Work instruction —
A verbatim copy is needed of the lines below from the one containing "The latest officially" up to and including the one containing "Man sieht Kerzen", excluding pictures.

Record set —
* * *
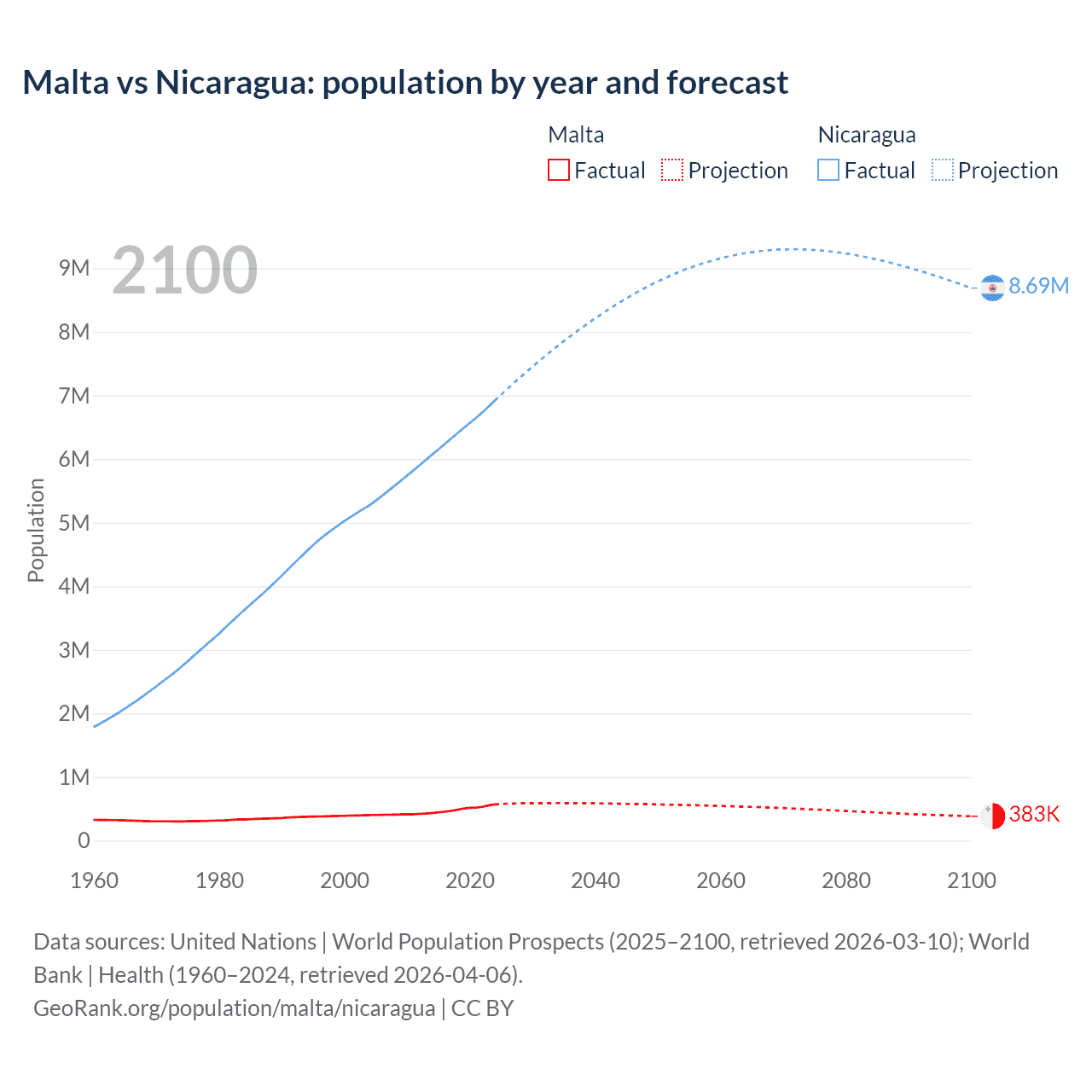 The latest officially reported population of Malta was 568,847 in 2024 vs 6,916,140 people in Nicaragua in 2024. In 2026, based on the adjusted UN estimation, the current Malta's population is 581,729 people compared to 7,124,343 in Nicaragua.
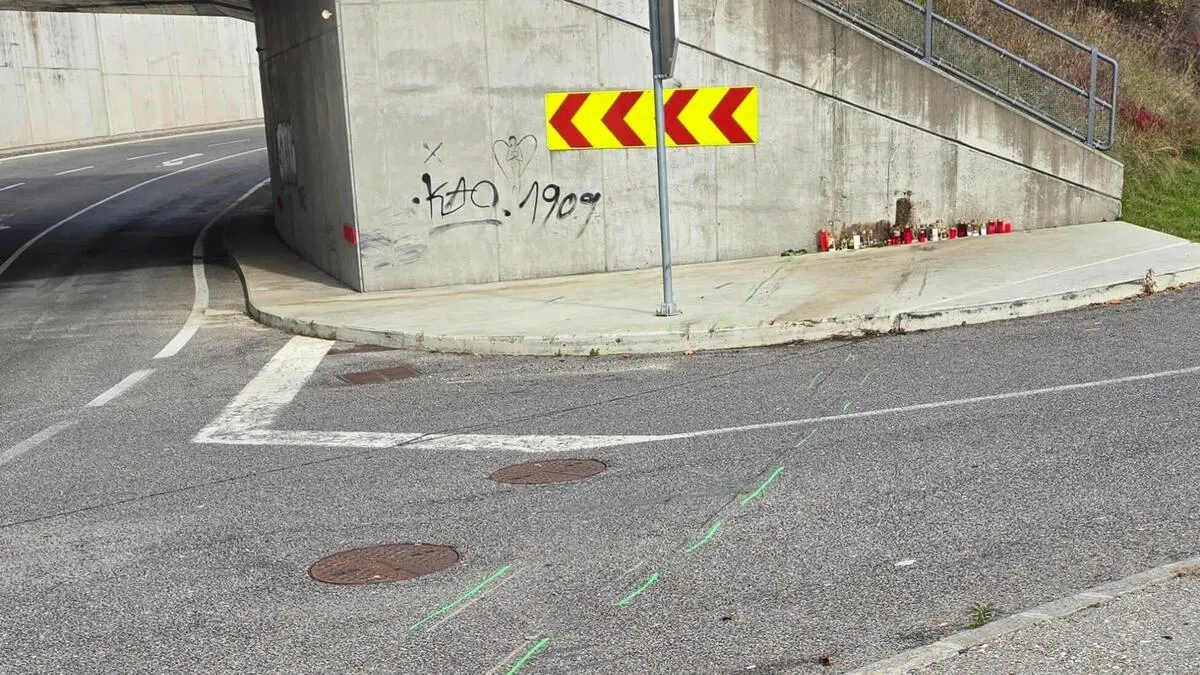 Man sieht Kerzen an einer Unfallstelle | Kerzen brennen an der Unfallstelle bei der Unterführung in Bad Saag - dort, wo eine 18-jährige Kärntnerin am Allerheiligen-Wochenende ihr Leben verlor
* * *
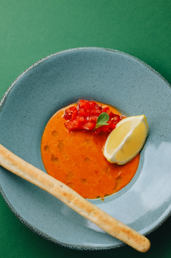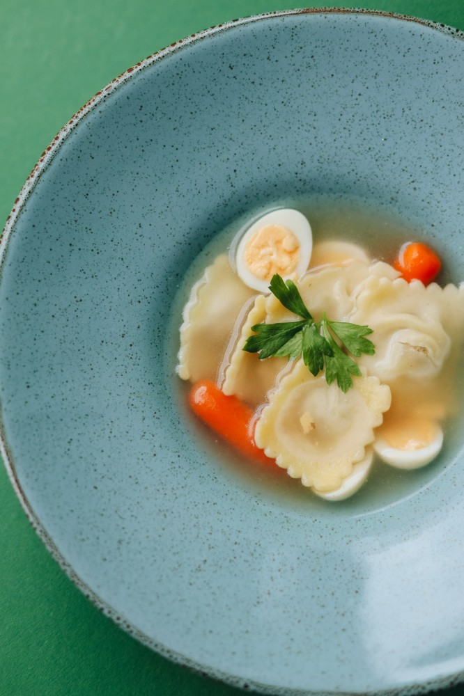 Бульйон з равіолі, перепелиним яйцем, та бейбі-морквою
* * *
Answer section —
 The latest officially reported population of Malta was 568,847 in 2024 vs 6,916,140 people in Nicaragua in 2024. In 2026, based on the adjusted UN estimation, the current Malta's population is 581,729 people compared to 7,124,343 in Nicaragua.
 Man sieht Kerzen an einer Unfallstelle | Kerzen brennen an der Unfallstelle bei der Unterführung in Bad Saag - dort, wo eine 18-jährige Kärntnerin am Allerheiligen-Wochenende ihr Leben verlor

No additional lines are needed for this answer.